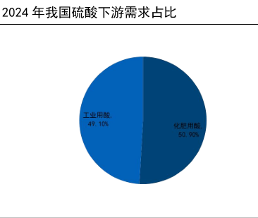 硫酸最重要的应用是制备化肥,在钛白粉、己内酰胺、磷酸铁的制备过程中同样有重要应用。2019年全球55%的硫酸被用来制备化肥。2024年我国约51%的硫酸被用于化肥工业,其余则被用于制备钛白粉、己内酰胺、氢氟酸、磷酸铁等产品。2024年中国硫酸表观消费量达1.175亿吨,同比增长7.6%,其中化肥用酸(占比50.9%,约5978.7万吨),磷肥(磷酸一铵、磷酸二铵):占总消费36.9%,约4336万吨,其他化肥(硫酸铵、普钙等):占总消费约14%,约1643万吨。工业用酸(占比49.1%,约5776万吨),钛白粉(硫酸法):占总消费13.4%,约1575万吨,己内酰胺:占总消费6.5%,约764万吨。
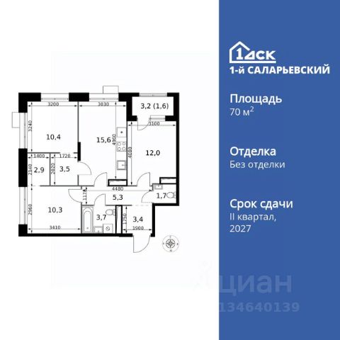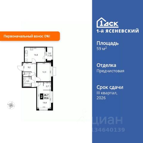 Квартира общей площадью 66,2 м2, продаётся без ремонта!
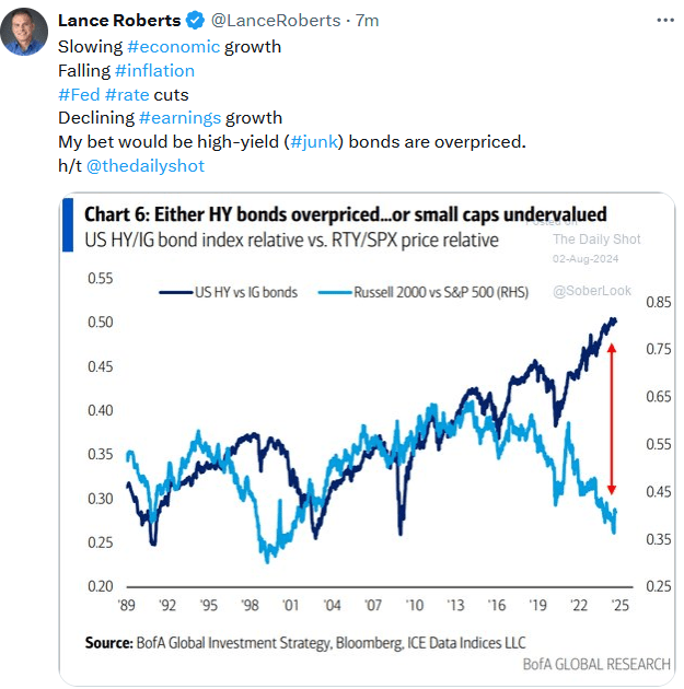 Such happened this past week, with a strong rally on Wednesday that failed. What is clear is the market is starting to recognize that Federal Reserve rate cuts are not bullish for stocks. As we have discussed, when the Fed cuts rates, it often coincides with weaker economic activity, which precedes a decline in earnings growth. The drop in the ISM manufacturing index and a terrible employment report bolstered those concerns. Unsurprisingly, the market is beginning to discount the impact on earnings by reducing stock prices.
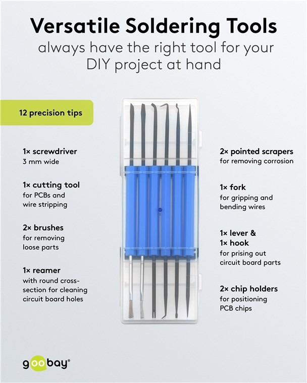 Wszechstronny jak szwajcarski scyzoryk: Dzięki dwunastu precyzyjnym końcówkom zawsze masz pod ręką odpowiednie narzędzie do swojego projektu DIY. Niezależnie od tego, czy chodzi o lutowanie, naprawę, tworzenie elektroniki czy modelarstwo – dzięki różnym końcówkom z łatwością poradzisz sobie z każdym trudnym wyzwaniem. Mini narzędzie, maksymalna skuteczność.
________________________________________
[How to complete this task]:
Reproduce the lines from the one with "Such happened this" through the end of the data, keeping both end lines, adding nothing, and dropping any pictures.

[Answer box]:
 Such happened this past week, with a strong rally on Wednesday that failed. What is clear is the market is starting to recognize that Federal Reserve rate cuts are not bullish for stocks. As we have discussed, when the Fed cuts rates, it often coincides with weaker economic activity, which precedes a decline in earnings growth. The drop in the ISM manufacturing index and a terrible employment report bolstered those concerns. Unsurprisingly, the market is beginning to discount the impact on earnings by reducing stock prices.
 Wszechstronny jak szwajcarski scyzoryk: Dzięki dwunastu precyzyjnym końcówkom zawsze masz pod ręką odpowiednie narzędzie do swojego projektu DIY. Niezależnie od tego, czy chodzi o lutowanie, naprawę, tworzenie elektroniki czy modelarstwo – dzięki różnym końcówkom z łatwością poradzisz sobie z każdym trudnym wyzwaniem. Mini narzędzie, maksymalna skuteczność.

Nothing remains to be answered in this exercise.